A cena, protagonazida por Joaquin Phoenix no filme Her, parecia tão improvável quando foi exibida nos cinemas que o longa recebeu o Oscar de Melhor Roteiro Original. 

A única coisa parecida de que se tinha notícia era a Siri, da Apple, que ainda soava mais como ficção de Hollywood do que algo palpável de fato. O ano era 2013. Na mesma época, Steffanie Caroline Telles de Souza, de 29 anos, tentava uma vaga de atendente telefônica no Bradesco.

“Entrei no banco almejando virar gerente de agência. Jamais imaginei que me tornaria professora de uma atendente virtual”, diz Steffa­nie, que desde 2016 faz parte do Centro de Inteligência Artificial do Bradesco, responsável pela “Bia”, a secretária digital que ganhou notoriedade em propagandas feitas pelo banco em pleno horário nobre de TV.

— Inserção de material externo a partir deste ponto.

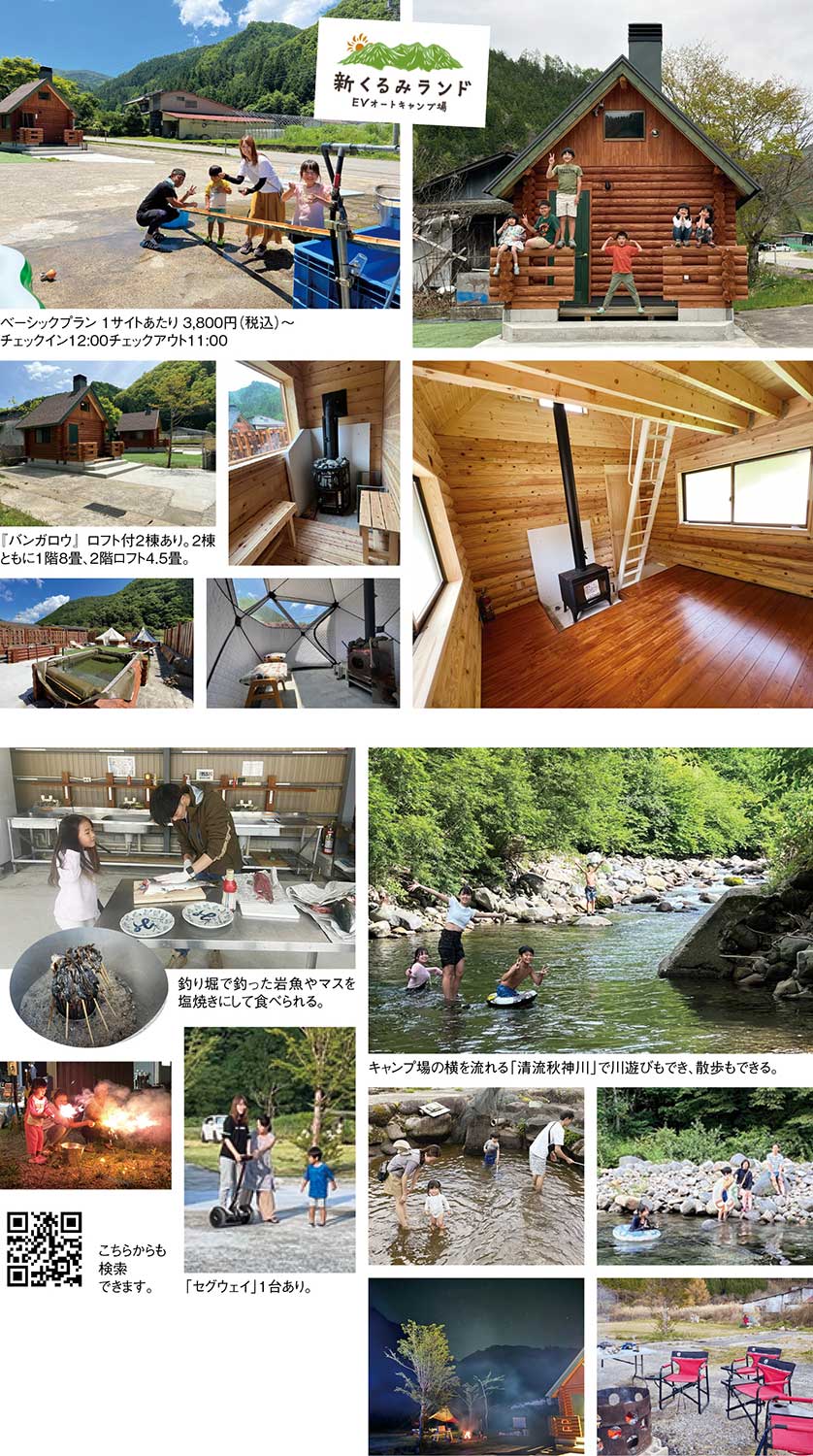 岐阜県高山市の山あい、標高約千メートルの高所に開けた『新くるみランド』は、清流・秋神川の流れと満天の星空を一度に味わえるキャンプ場だ。市街地の喧騒から距離を置いた立地ゆえ、夜になると空気は一段と澄み、見上げれば星が降るように広がる。春は芽吹きと桜、夏は深い緑と川遊び、秋は紅葉、冬は雪景色と、飛騨高山らしい四季の移ろいが、そのまま滞在の背景になる。新しい四つを含めた全16の芝生のオートサイトを中心に、電源付きサイトやEV対応サイトも用意されている。また、薪ストーブを備えたバンガローやロフト付きタイプもあり、天候やスタイルに応じて宿泊方法を選ぶことができる。もちろん、テントやタープ、チェア、調理器具などのレンタルも揃い、手ぶらOK。秋神川沿いの散策や川遊び、釣り堀で釣った岩魚やマスをその場で塩焼きにする体験など、自然の中で過ごす時間そのものが、このキャンプ場の大きな魅力になっている。また、木造個室貸切サウナとテントサウナを備え、いずれも薪ストーブを使ったセルフロウリュ仕様。温度は高めに設定され、しっかりと汗をかいた後は、9度以下の天然水を使った水風呂へ。冷たさの輪郭がはっきりした水に身を沈め、外へ出れば、そこには人工物の少ない夜の森と星空が広がり、ただ静かに外気に身を預ける時間が、キャンプ場という環境と自然に溶け合う。シャワー室や貸切風呂も整備。サウナを特別な目的にせず、キャンプの流れの中に無理なく組み込めるのもうれしい。昼は川や森で身体を動かし、夕方から火を起こし、夜にサウナと星空を楽しむ。翌朝は澄んだ空気の中でコーヒーを淹れ、ゆっくりと撤収する。そんな一連の過ごし方が自然と想像できる。周辺には、古い町並みや朝市で知られる高山市中心部をはじめ、車で足を延ばせば奥飛騨温泉郷の温泉地も点在し、白川郷・上高地・下呂温泉・濁川温泉も約1時間くらいで行くことでき、御嶽山・乗鞍岳は朝早く出発すると頂上までの日帰りが可能。夏には8㎞のハイキングコース、冬にはそり遊びコースを楽しむことができる。観光地を巡ったあと、夜は静かなキャンプ場に身を置くという使い分けも可能で、観光とアウトドアの間を行き来する拠点としても使い勝手がいい。キャンプ場でありながら、自然体験、快適な設備、そして薪サウナという要素が無理なく共存している『新くるみランド』。山に泊まるという行為を多層的に楽しませてくれる場所として、記憶に残る滞在を用意してくれる。

A primeira função de Steffanie, que é formada em administração de empresas, foi revisar os conteúdos que seriam “ensinados” para Bia — que já fez 90 milhões de interações com o público via mensagens de texto e comando de voz.

Agora como líder de projetos, cargo a que foi promovida no ano passado, sua missão é mais estratégica: observar falhas no sistema e deixar as falas mais claras e objetivas, melhorando a interação da máquina com os humanos. “Acho que estou numa das áreas mais promissoras do banco”, comemora.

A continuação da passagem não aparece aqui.